## Work instructions
A word-for-word copy of the data is what's wanted; pictures stay out of it.

## Data extract
- Opening Delimiter -

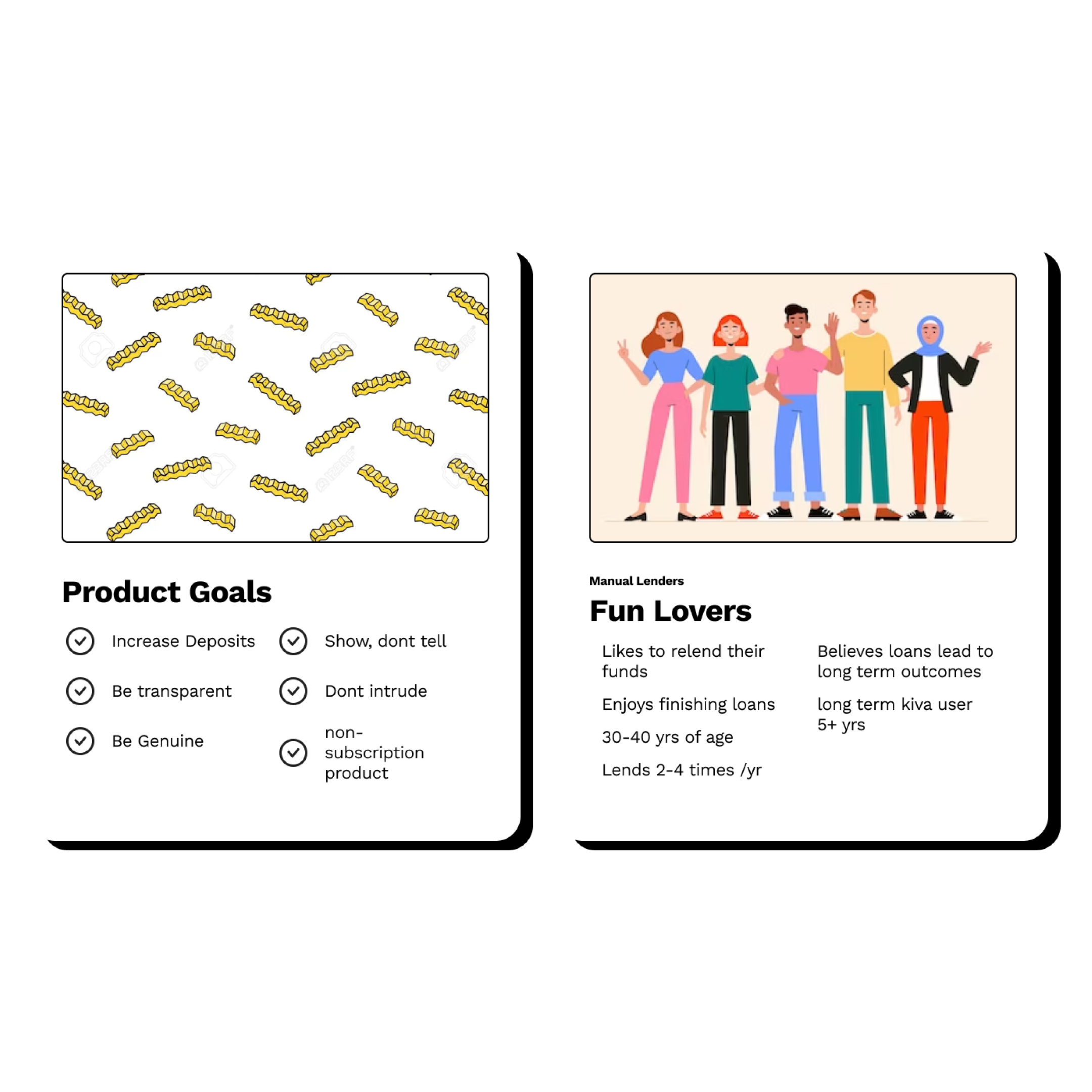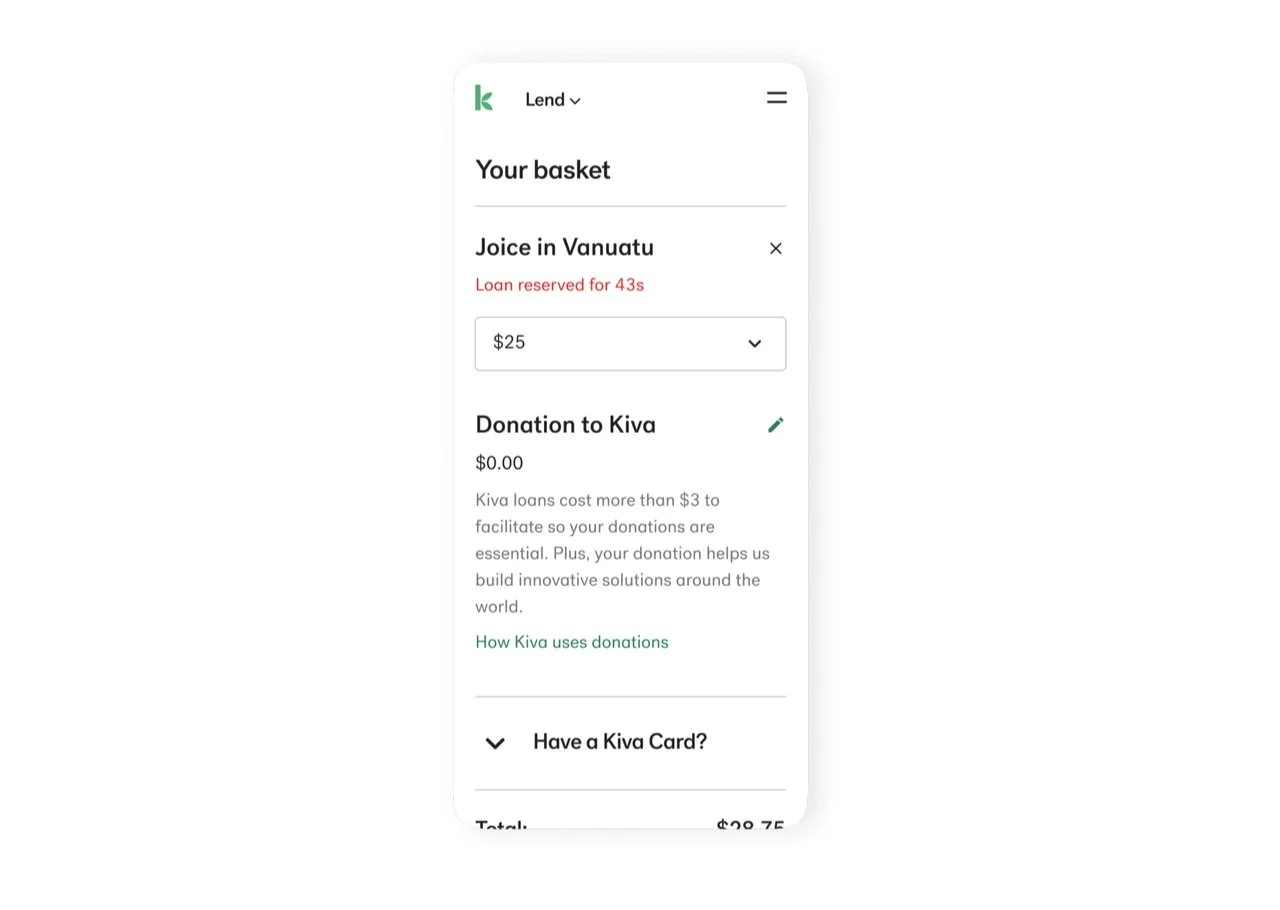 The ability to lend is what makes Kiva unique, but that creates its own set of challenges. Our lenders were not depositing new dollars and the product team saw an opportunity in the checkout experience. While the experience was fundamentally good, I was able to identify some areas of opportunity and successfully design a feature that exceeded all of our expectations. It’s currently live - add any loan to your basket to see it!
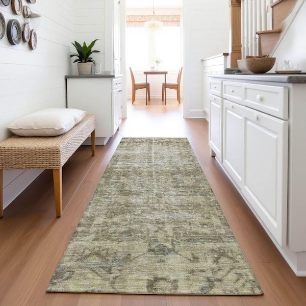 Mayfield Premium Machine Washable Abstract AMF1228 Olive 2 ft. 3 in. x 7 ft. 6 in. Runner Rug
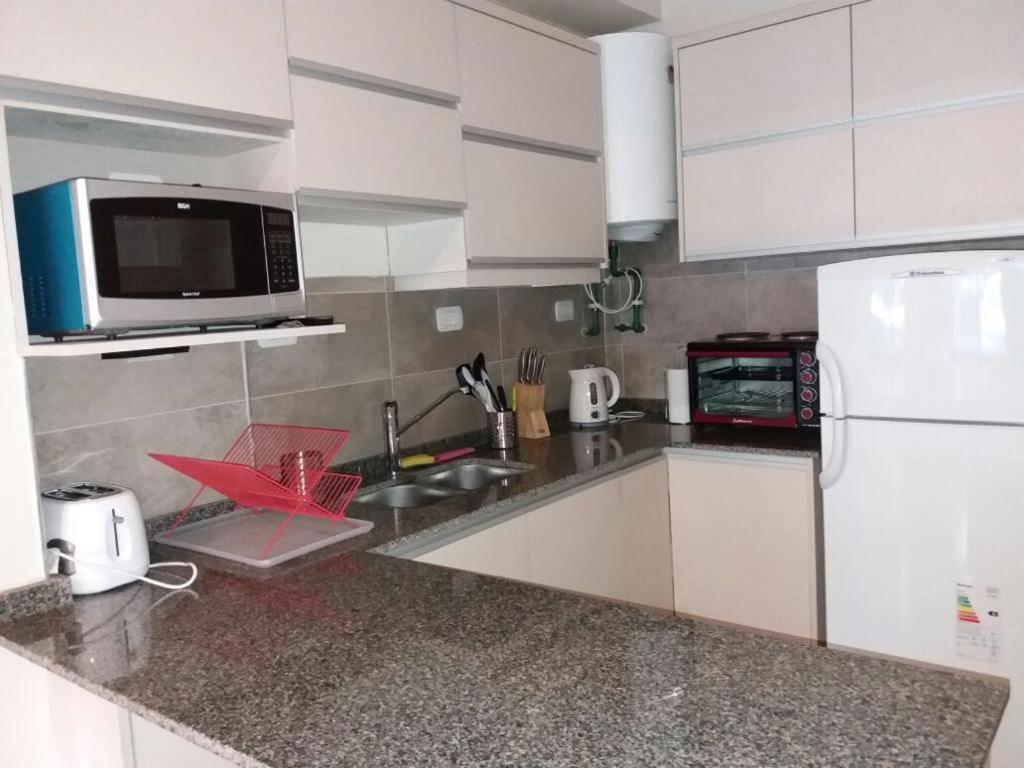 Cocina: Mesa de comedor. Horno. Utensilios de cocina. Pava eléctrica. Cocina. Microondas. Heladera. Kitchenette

- Closing Delimiter -

## Your solution
 The ability to lend is what makes Kiva unique, but that creates its own set of challenges. Our lenders were not depositing new dollars and the product team saw an opportunity in the checkout experience. While the experience was fundamentally good, I was able to identify some areas of opportunity and successfully design a feature that exceeded all of our expectations. It’s currently live - add any loan to your basket to see it!
 Mayfield Premium Machine Washable Abstract AMF1228 Olive 2 ft. 3 in. x 7 ft. 6 in. Runner Rug
 Cocina: Mesa de comedor. Horno. Utensilios de cocina. Pava eléctrica. Cocina. Microondas. Heladera. Kitchenette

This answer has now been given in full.